Sci-fi at bottom has always been anchored in “possible futures” based on speculative science. What scientific “new idea” do you see really catching fire in the popular imagination which will become a new “standard” for sci-fi stories?




We’ve always known that fiction can (and does) create reality. The often cited connection between Star Trek and a wide variety of our favorite toys (including the incorrigible efforts to fabricate teleportation) is a classic example. What is happening today is that the line between “future” and “present” is getting thinner and thinner. As a consequence, it seems that many of the “new ideas” that will hit the popular imagination are less widely speculative (in the Roddenberry, Asimov or Clarke sense) than they are practical conjectures that have been on the cutting edge for a while and are just about to move into the popular consciousness.










What do you think will be the “paradigm shift” in how new superheroes (or even our traditional iconic ones) will be conceived and how their stories will be told?




Personally I think that the next wave is going to be the re-absorption of the (super)hero into the hero.
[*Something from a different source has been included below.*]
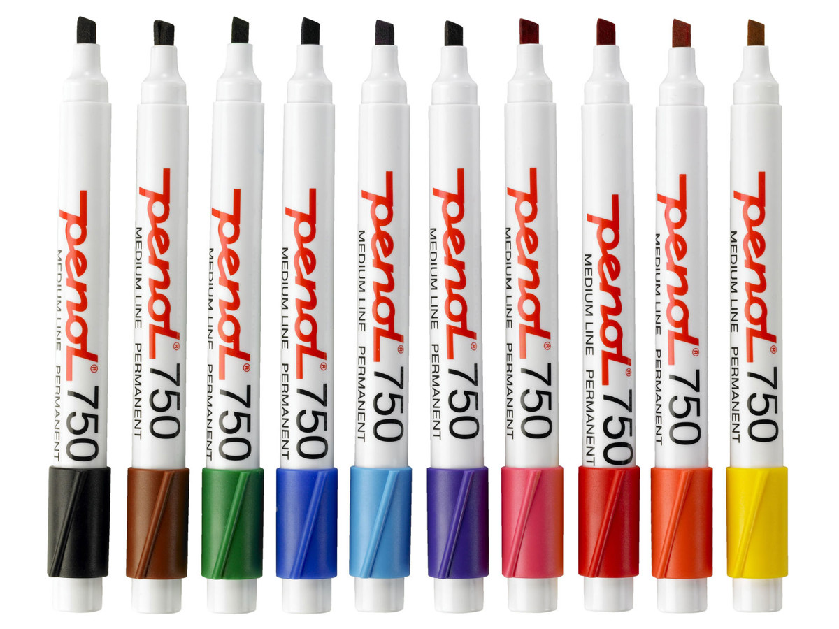 Markeren er med alkoholbaseret permanent blæk, skrå spids og plastbeholder.
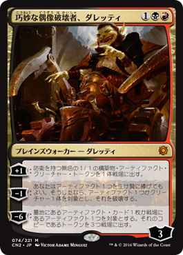 [+1]:防衛を持つ無色の1/1の構築物(Construct)アーティファクト・クリーチャー・トークンを1体生成する。 [-1]:あなたはアーティファクト1つを生け贄に捧げてもよい。そうしたなら、アーティファクト1つかクリーチャー1体を対象とし、それを破壊する。 [-6]:墓地にあるアーティファクト・カード1枚か戦場にあるアーティファクト1つを対象とする。それのコピーであるトークンを3つ生成する。

The superhero is largely the expression of the desire for power on the part of the powerless. One of the major themes of the current era is the “flattening” of power and new, more complex, challenges. I sense, perhaps, a return to the more human stories of adventure and heroism to which the normal person could, in principle, actually aspire. We will be witnessing the most dramatic “leveling up” of individual power since the invention of multi-cellular life. In many ways, a mid-21st century human will be a superhero. When you speculate about cybernetics, genetic and chemical modifications, and the more esoteric man/machine interfaces (for example, one mind controlling multiple geographically separate bodies) – not much of the “superhuman” is left outside of the “adjacent possible”.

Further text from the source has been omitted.